The Last Ship
- Cover of first edition (hardcover)
- Author: William Brinkley
- Cover artist: Neil Stuart (1988)
- Language: English
- Genre: Post-apocalyptic
- Publisher: Viking Press (hardcover) Ballantine Books (paperback)
- Publication date: March 1988
- Publication place: United States
- Media type: Print (hardcover and paperback)
- Pages: 624
- ISBN: 0-670-80981-0 (hardcover) ISBN 0-345-35982-8 (paperback) ISBN 978-0-14-218143-0 (eBook)
- OCLC: 16682861
- Dewey Decimal: 813/.54 19
- LC Class: PS3503.R56175 L37 1988

= The Last Ship (novel) =

1988 novel by William Brinkley

The Last Ship is a 1988 post-apocalyptic fiction novel by American writer William Brinkley. The Last Ship tells the story of a United States Navy guided missile destroyer, the fictional USS Nathan James (DDG-80), on patrol in the Barents Sea during a brief, full-scale nuclear war between the United States and the Soviet Union. It details the ship's ensuing search for a new home for her crew.

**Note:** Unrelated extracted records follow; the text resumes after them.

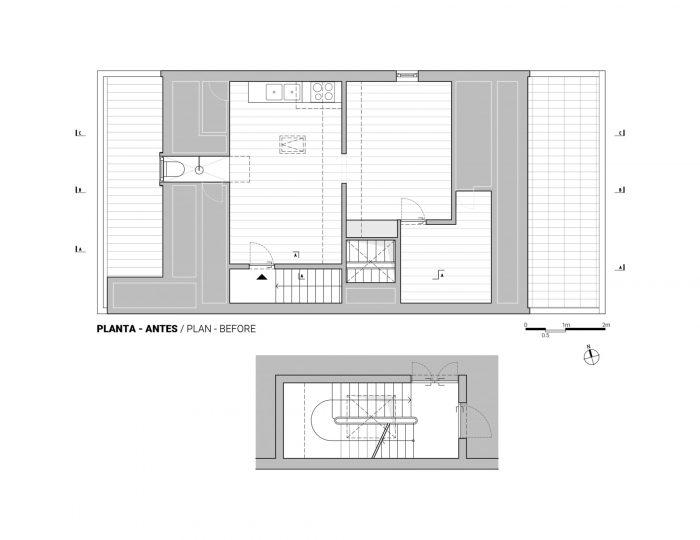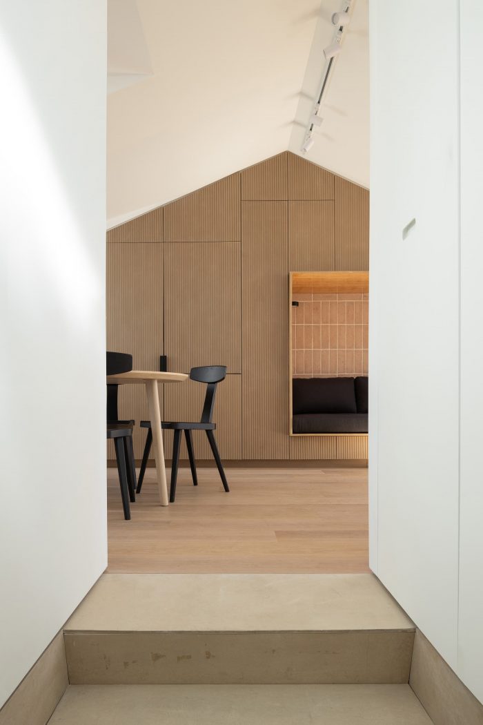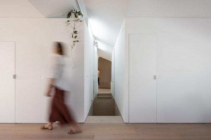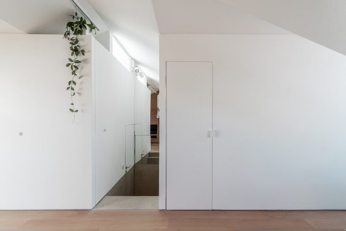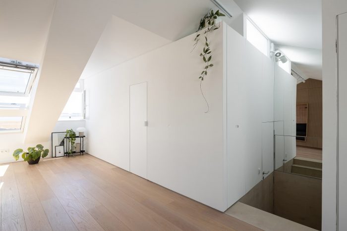Due to the dysfunctionality of the previous configuration of the apartment and the very poor condition of its structure, it became necessary to replace the entire roof and remake all of its interiors. Through a deep intervention into the space of the apartment and the geometry of the stairs, it became possible to introduce a functional bathroom and a more comfortable entrance.
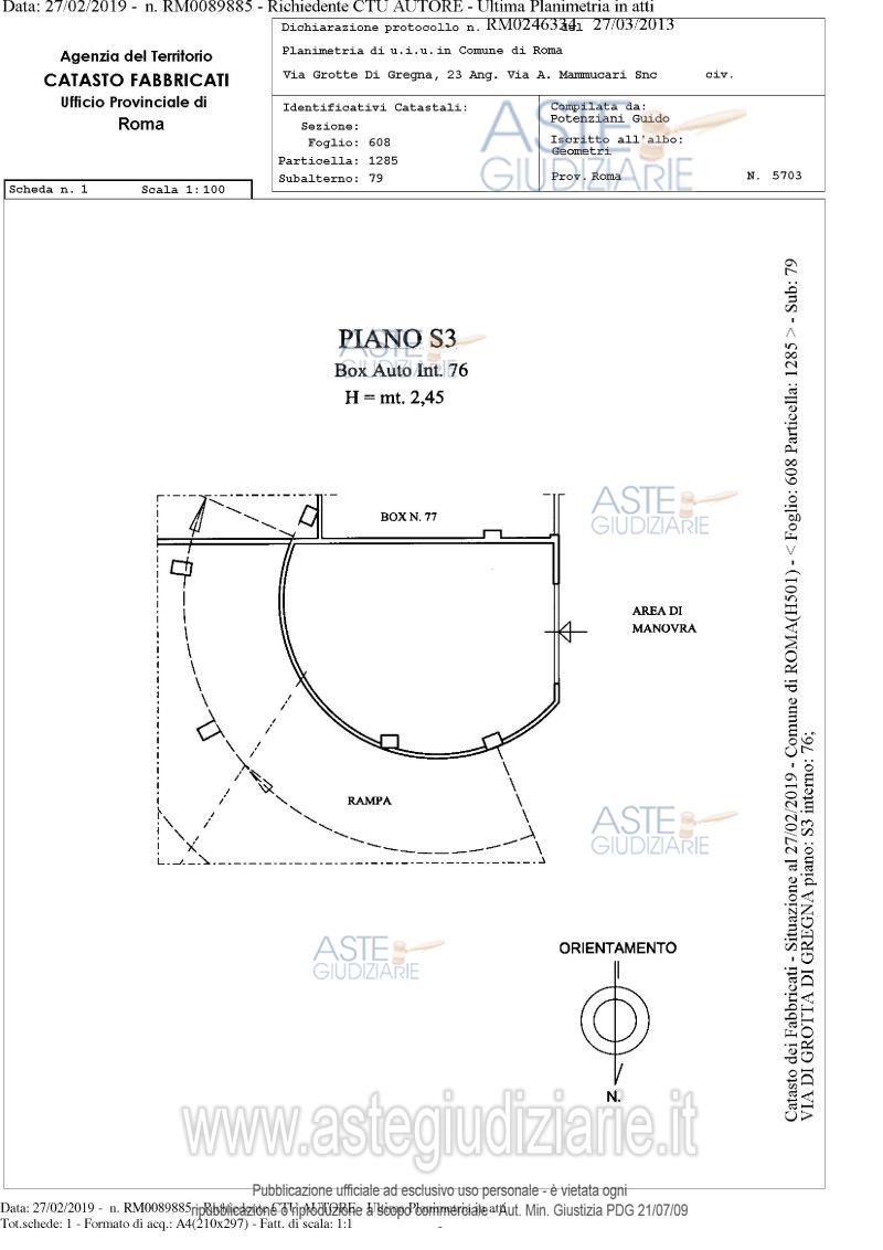 Vendita in attesa dell'emissione del nuovo bando d'asta. LOTTO 76: Proprietà piena ed esclusiva di box auto sito in comune di Roma (RM), quartiere "Collatino", municipio IV, via di Grotta di Gregna 23, piano S3, interno 76, posto all'interno di un edificio interrato con destinazione d'uso autorimessa, avente una superficie lorda di 30,00 mq. e un’altezza di circa 2,45 m. Ultimo prezzo base € 3.131,14 (offerta minima € 2.348,35). Giudice Dott. Bianca Ferramosca. Professionista delegato alla vendita Avv. Luca Bernardini. Custode Giudiziario Ivg Di Roma Srl - Email "pvp@visiteivgroma.it"; Tel. 0689569801. Rif. Tribunale di Roma - Esecuzione immobiliare post legge 80 n. 239/2018
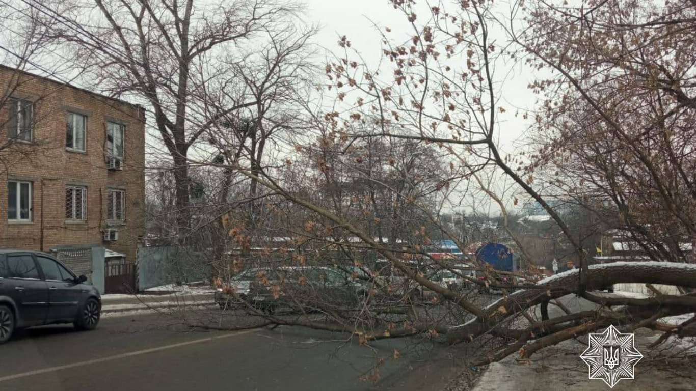 На улице Ольжича, которая находится в Шевченковском районе города упало огромное дерево на проезжую часть, что способствовало затруднительному движению транспорта, в частности - автомобилей.

An eponymous television series loosely based on the novel aired from 2014 to 2018 on the TNT network.

==Background==
The story is told in a first-person point of view by the ship's commanding officer, "Thomas", whose full name is never revealed. Thomas is writing this account several months after the war in order to describe the odyssey of his Norwegian-homeported ship, USS Nathan James (DDG-80), in the aftermath of the conflict.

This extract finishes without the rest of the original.